Concurrency Patterns
This document defines concurrency handling patterns for all critical operations in the IWM Platform.
Overview
Financial systems require explicit concurrency control to prevent:
- Lost updates — Two transactions overwriting each other
- Double-spending — Same funds used twice
- Race conditions — Inconsistent state from interleaved operations
- Deadlocks — Transactions waiting for each other indefinitely
Critical Operations Matrix
| Operation | Lock Type | Isolation Level | Retry Strategy |
|---|---|---|---|
| Commission calculation | Pessimistic (row) | Serializable | 3x with exponential backoff |
| Balance update | Pessimistic | RepeatableRead | 3x with exponential backoff |
| Payout request | Pessimistic + unique index | Serializable | No retry (fail fast) |
| Payout processing | Pessimistic + idempotency | Serializable | 3x with exponential backoff |
| Inventory reservation | Pessimistic | Serializable | 3x with exponential backoff |
| Partner tree insert | Pessimistic (sponsor) | RepeatableRead | No retry |
| Partner tree move | Pessimistic (subtree) | Serializable | No retry |
| Order status change | Optimistic (version) | ReadCommitted | 3x immediate |
| Rank recalculation | Pessimistic (partner) | RepeatableRead | 3x with exponential backoff |
Locking Strategies
Pessimistic Locking (SELECT FOR UPDATE)
Use when:
- High contention expected
- Operation cannot be safely retried
- Financial operations where consistency is critical
sql
-- Lock specific rows before modification
SELECT * FROM mlm.partner_balances
WHERE partner_id = $1
FOR UPDATE;
-- NOWAIT variant: Fail immediately if locked (for fast-fail scenarios)
SELECT * FROM mlm.partner_balances
WHERE partner_id = $1
FOR UPDATE NOWAIT;
-- SKIP LOCKED variant: Process unlocked rows only (for batch jobs)

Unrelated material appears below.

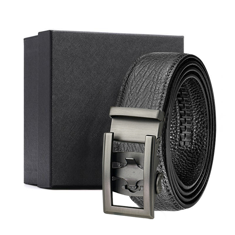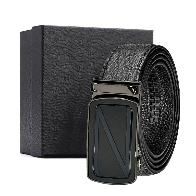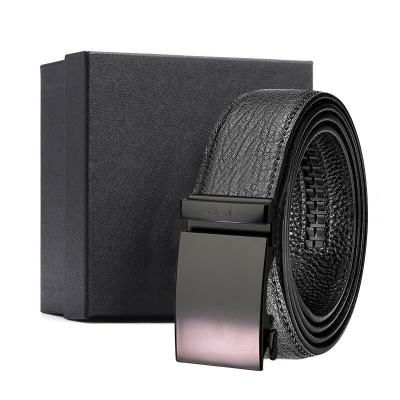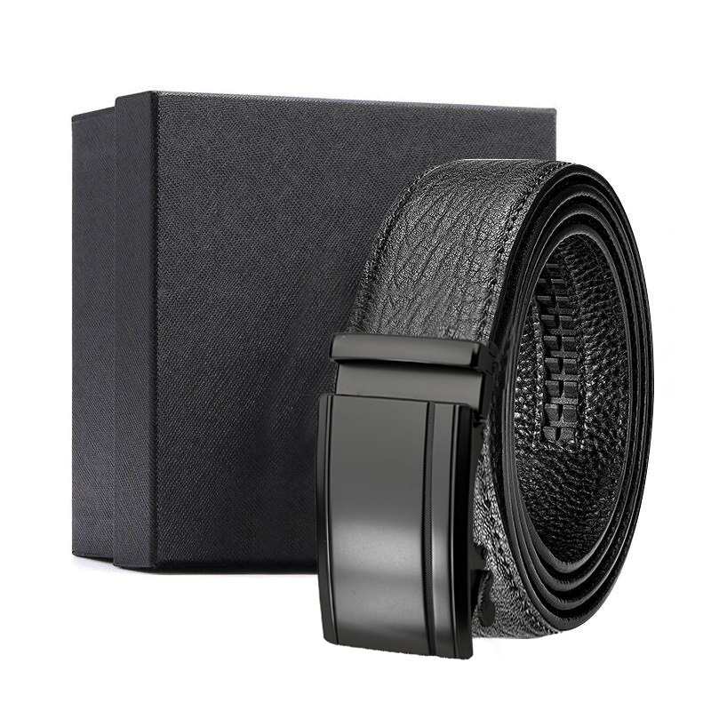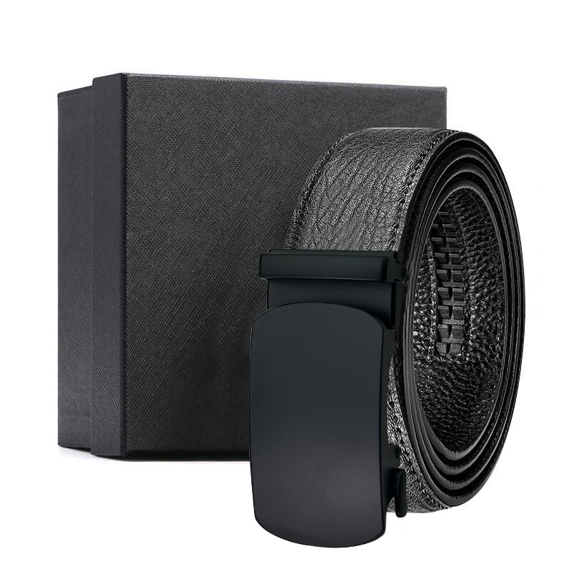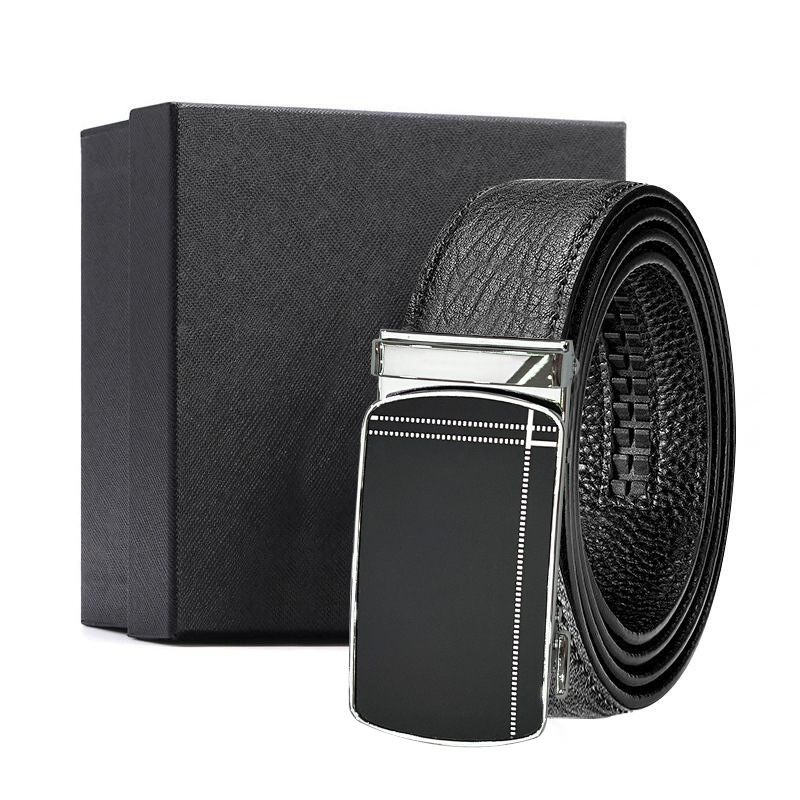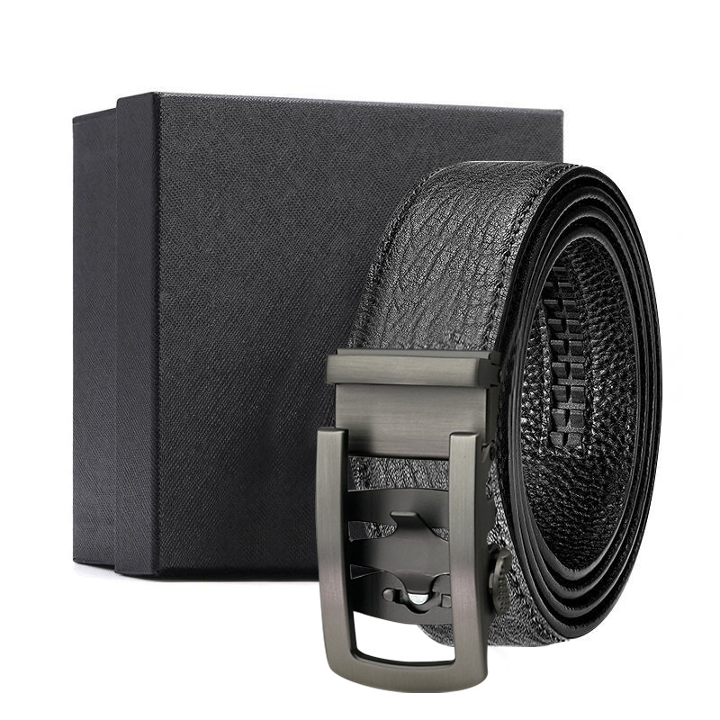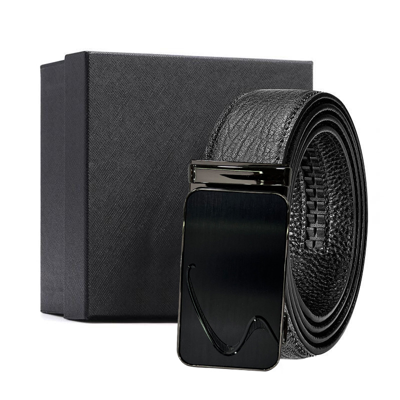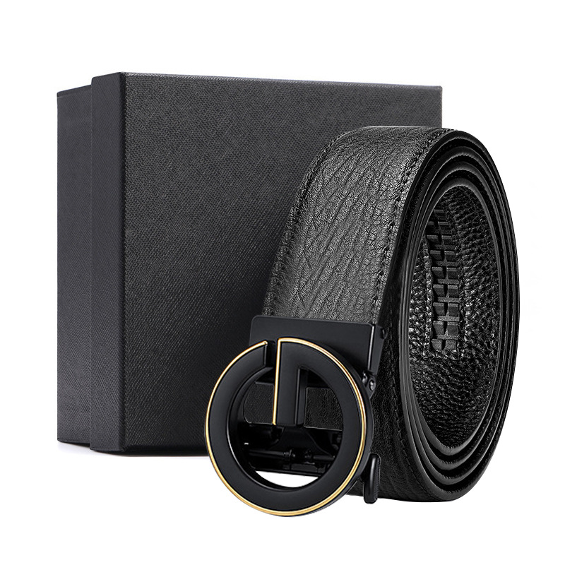 가죽 벨트 물결무늬 천연 가죽 벨트 비즈니스 선물 맞춤형 로고 인쇄 바지 벨트 1등급 소가죽 자동 버클

SELECT * FROM mlm.commission_transactions
WHERE status = 'PENDING'
FOR UPDATE SKIP LOCKED
LIMIT 100;Optimistic Locking (Version Field)
Use when:
- Low contention expected
- Retries are acceptable
- Read-heavy workloads
typescript
// Read with version
const balance = await tx.partnerBalance.findUnique({
where: { partnerId }
});
// Update with version check
const updated = await tx.partnerBalance.updateMany({
where: {
partnerId,
version: balance.version // Only update if version unchanged
},
data: {
availableBalance: { decrement: amount },
version: { increment: 1 }
}
});
if (updated.count === 0) {
throw new OptimisticLockError('Balance was modified by another transaction');
}Deadlock Prevention
Lock Ordering Rules
To prevent deadlocks, always acquire locks in this consistent order:
core.users(by ID, ascending)mlm.partners(by ID, ascending)mlm.partner_balances(by partner_id, ascending)mlm.commission_transactions(by ID, ascending)mlm.payout_requests(by ID, ascending)product.products(by ID, ascending)product.inventory_reservations(by product_id, then ID)product.orders(by ID, ascending)investment.participations(by ID, ascending)
Implementation Pattern
typescript
// CORRECT: Sort IDs before locking to ensure consistent order
async function lockMultiplePartnerBalances(
tx: PrismaTransaction,
partnerIds: string[]
): Promise<void> {
const sortedIds = [...partnerIds].sort();
await tx.$queryRaw`
SELECT id FROM mlm.partner_balances
WHERE partner_id = ANY(${sortedIds}::uuid[])
ORDER BY partner_id
FOR UPDATE
`;
}
// INCORRECT: Random order can cause deadlocks
async function lockMultiplePartnerBalancesWrong(
tx: PrismaTransaction,
partnerIds: string[]
): Promise<void> {
// DON'T DO THIS - order is unpredictable
for (const partnerId of partnerIds) {
await tx.$queryRaw`
SELECT id FROM mlm.partner_balances
WHERE partner_id = ${partnerId}::uuid
FOR UPDATE
`;
}
}Deadlock Detection and Monitoring
sql
-- Create deadlock log table
CREATE TABLE core.deadlock_log (
id UUID PRIMARY KEY DEFAULT uuid_generate_v4(),
detected_at TIMESTAMP NOT NULL DEFAULT NOW(),
blocked_pid INT NOT NULL,
blocking_pid INT NOT NULL,
blocked_query TEXT,
blocking_query TEXT,
wait_duration_ms INT
);
-- Function to log deadlock occurrences (call from application on deadlock error)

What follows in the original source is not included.